И приземистый человек перегибается через стол, почти задевая грудью остатки пирожного, и лицо его, вплотную приблизившееся к лицу собеседника, внезапно багровеет, а голос превращается в свистящий шепот, бьющий бичом невозмутимо моргающего Нормана:
– Мы не позволим четырем философствующим красным непонятно зачем вытаскивать из могилы никому не нужных мертвецов.
Профессор знает, что должен швырнуть салфетку на стол, подняться, сказать, что не желает выслушивать грубости, и уйти, но взгляд зеленоватых глаз агента его удерживает, завораживает, как зияющее дуло револьвера.
– Мы не позволим вам копаться в нашем грязном белье, профессор.
– Вы что, перепили?
– Нет. Я не перепил. Я хочу, чтобы вы запомнили все, о чем мы сегодня говорили, но главное – запомнили то, что я вам буду говорить теперь. Вы должны остановить эту работу. Я полагал, что это будет нетрудно, потому что эта ученица была вашей любовницей, однако все в прошлом. Поэтому теперь мне приходится перестраиваться на ходу. Возможно, потом я дам вам другие инструкции, а пока предлагаю такую линию поведения. Вы требуете, чтобы Мюриэл Колберт представила вам отчет о том, в каком состоянии находится ее работа в данный момент, и сообщаете ей, что замедленный темп вызывает беспокойство. Получив ее ответ, вы не скрываете своего крайнего недовольства работой Мюриэл и говорите, чтобы она больше не тратила время впустую: в ее возрасте уже нельзя так легкомысленно относиться ко времени. Поэтому вы предлагаете ей другую тему, более выигрышную. Мы можем обеспечить ей стипендию, в три-четыре раза превышающую ту, что она получает в настоящее время, – пусть только она прекратит заниматься делом Галиндеса и займется еще кем-нибудь. И сгинет с наших глаз.

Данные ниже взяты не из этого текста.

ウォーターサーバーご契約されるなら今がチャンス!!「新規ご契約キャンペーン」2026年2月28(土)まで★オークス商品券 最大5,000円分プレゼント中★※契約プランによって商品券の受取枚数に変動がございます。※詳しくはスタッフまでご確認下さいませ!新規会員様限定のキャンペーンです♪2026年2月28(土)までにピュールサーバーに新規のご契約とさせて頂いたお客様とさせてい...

– Ваше предложение возмутительно и чревато для вас осложнениями. Вы не боитесь, что завтра я через прессу сообщу об оказанном на меня давлении?
– Ну, во-первых, кого именно вы намерены обвинить, кого? Разве вам известно мое имя?
– Роберт Робардс.
– Неужели вы думаете, что оно настоящее? Я придумал его, пока ехал на встречу с вами. Я читал статью о Голливуде и позаимствовал имя у Роберта Редфорда, а фамилию – у Джейсона Робардса.

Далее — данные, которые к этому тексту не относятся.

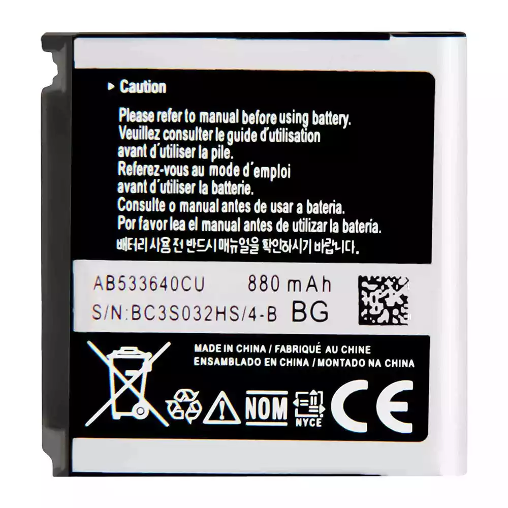 Battery AB533640CU for Samsung S3600/S3600 Metro/C3110/G400/G500/F469/G600/G608/J638/F330/F338/S3600i/AB533640CC/AB533640CK/AB533640CE

– Я помню номер вашей машины.
– Ну, у меня целая коллекция как машин, так и табличек с номерами.
– Но для чего нужно то, о чем вы меня просите?
– Прекрасно, Норман. Вот теперь вы наконец заговорили, как профессор этики. Знаете, какое определение этики я помню еще со студенческих лет? Запишите, если не знаете – «поведение, обусловленное соображениями разума». Быть этичным – значит всегда руководствоваться соображениями разума. – Свое одобрение он подкрепляет, похлопывая профессора по руке. – Сейчас я вам приведу причины, исходя из которых вы будете нам помогать. В основе первой, последней и той, что в середине, одно простое соображение – ты, парень, в штаны со страху наложил.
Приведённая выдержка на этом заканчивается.